JohnLCaron / cdm-kotlin

2 stars 1 forks source link

netchdf-kotlin

last updated: 5/31/2023

This is a rewrite in kotlin of parts of the devcdm and netcdf-java libraries.

The intention is to create a maintainable, read-only, pure JVM library allowing full access to netcdf3, netcdf4, hdf4, hdf5, hdf-eos2 and hdf-eos5 data files.

Please contact me if you'd like to help out. Especially needed are test datasets from all the important data archives!!

Why this library?

There is so much important scientific data stored in the NetCDF and HDF file formats, that those formats will never go away. It is important that there be maintainable, independent libraries to read these files forever.

The Netcdf-Java library prototyped a "Common Data Model" (CDM) to provide a single API to access various file formats. The netcdf and hdf file formats are similar enough to make a common API a practical and useful goal.

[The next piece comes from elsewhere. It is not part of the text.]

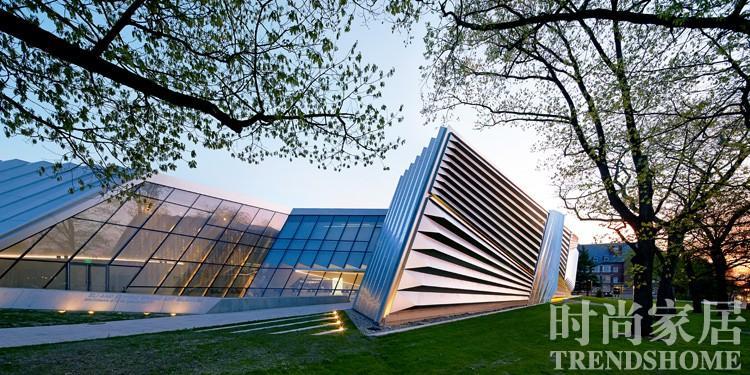 美国密歇根州立大学的Eli and Edythe Broad 艺术博物馆,一反扎哈的设计常态,与周围传统的哥特式建筑形成了鲜明对比。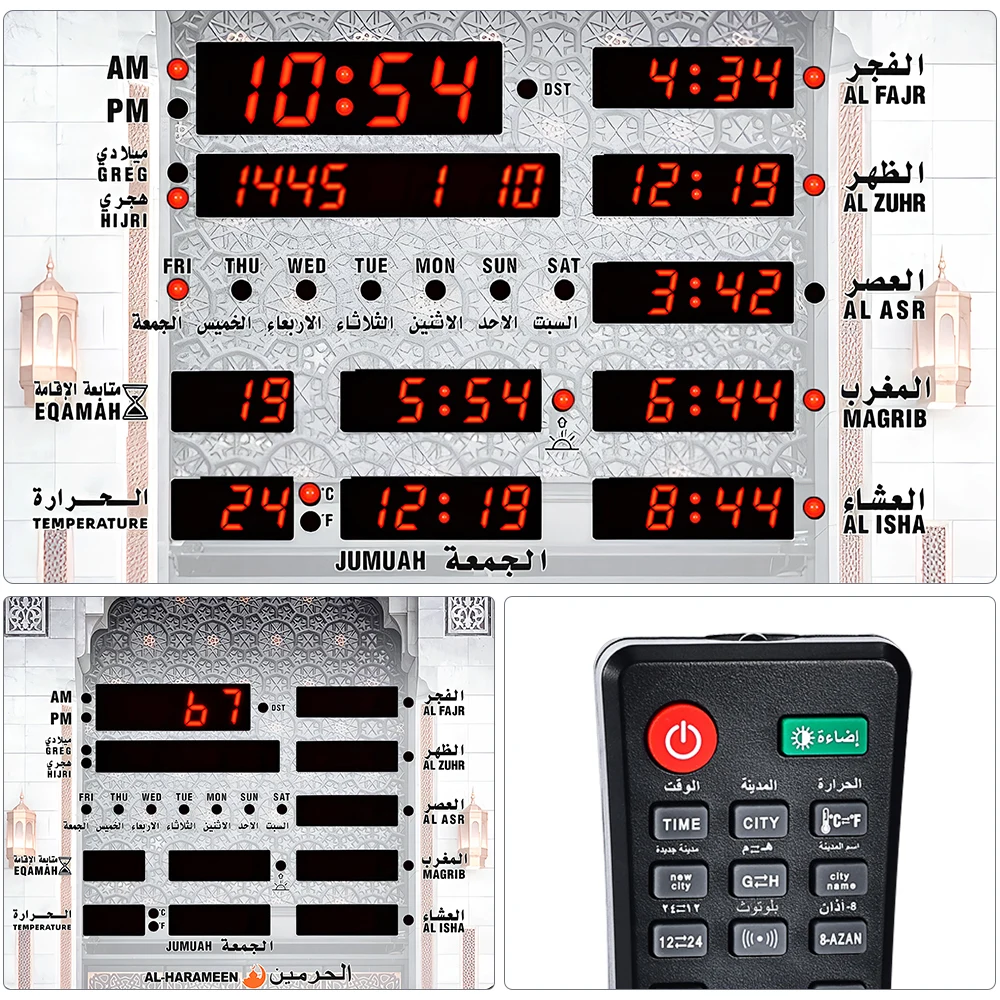 LED Digital Prayer Clock Azan Mosque Alarm Clock Islamic Muslim Wall Clock With Remote Control Calendar Ramadan Home Decoration

By focusing on read-only access to just these formats, the API and the code are kept simple.

In short, a library that focuses on simplicity and clarity is a safeguard for the huge investment in these scientific datasets.

Why do we need an alternative to the standard reference libraries?

The reference libraries are well maintained but complex. They are coded in C, which is a difficult language to master and keep bug free, with implication for memory safety and security. The libraries require various machine and OS dependent toolchains. Shifts in funding could wipe out much of the institutional knowledge needed to maintain them.

The HDF file formats are overly complicated, which impacts code complexity and clarity. The data structures do not always map to a user understandable data model. Semantics are left to data-writers to document (or not). While this problem isn't specific to HDF file users, it is exacerbated by a "group of messages" design approach.

The HDF4 C library is a curious hodgepodge of disjointed APIs. The HDF5 API is better and the Netcdf4 API much better. But all suffer from the limitations of the C language, the difficulty of writing good documentation for all skill levels of programmers, and the need to support legacy APIs.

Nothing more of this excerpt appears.